= Standing Baba =

Hindu who has vowed to remain standing

A Standing Baba, or Khareshwari, is a Hindu who has vowed to stand, not sitting or lying down even to sleep. The vow is a form of Hindu Tapa (or Tapasas), a self-inflicted corporal punishment intended to help bring spiritual enlightenment. Khareshwari are primarily found in India.

The length of the vow is unclear. One source says that the vow lasts for twelve years. Other sources do not attach a specific time frame.

Khareshwari traditionally stood under trees. This may be connected to the Yoga position known as Vrikshasana (Tree pose). A seventeenth-century engraving shows some images of what may be Standing Baba.

More recently Khareshwari seem to stand inside.

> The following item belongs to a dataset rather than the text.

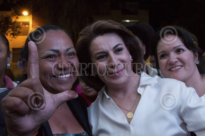 CALVILLO, AGUASCALIENTES.– Lorena Martínez, candidata de la coalición PRI, PT, PVEM y PANAL por la gubernatura, hizo uno de sus cierres de campaña en el municipio de Calvillo, junto con el presidente nacional del PRI, Manlio Fabio Beltrones y la aspirante a la alcaldía, Cecilia Valdivia Hernández. Al evento asistieron cerca de 1000 personas FOTO: YOLILZTLI RAMOS /CUARTOSCURO.COM

Author Gregory David Roberts places Babas inside in his description of Khareshwari in the novel Shantaram. Additionally, two online photos of Khareshwari both show men inside, not under a tree.

The Standing Baba have a swing-like device that allows them to rest their arms during the day. During the night, a Khareshwari will support his torso on the swing as he sleeps. The swing usually has a sling beneath it. The sling can hold one of the Khareshwari's legs at a time. It is unclear if this is intended to rest one leg or to increase the pressure on the other leg. While Khareshwaris may walk about, they usually just stand, or hang, in their swing.

Standing for years at a time causes swollen legs and ulcerated feet. Roberts and others describe the Khareshwari tapa as extremely painful and even permanently disabling.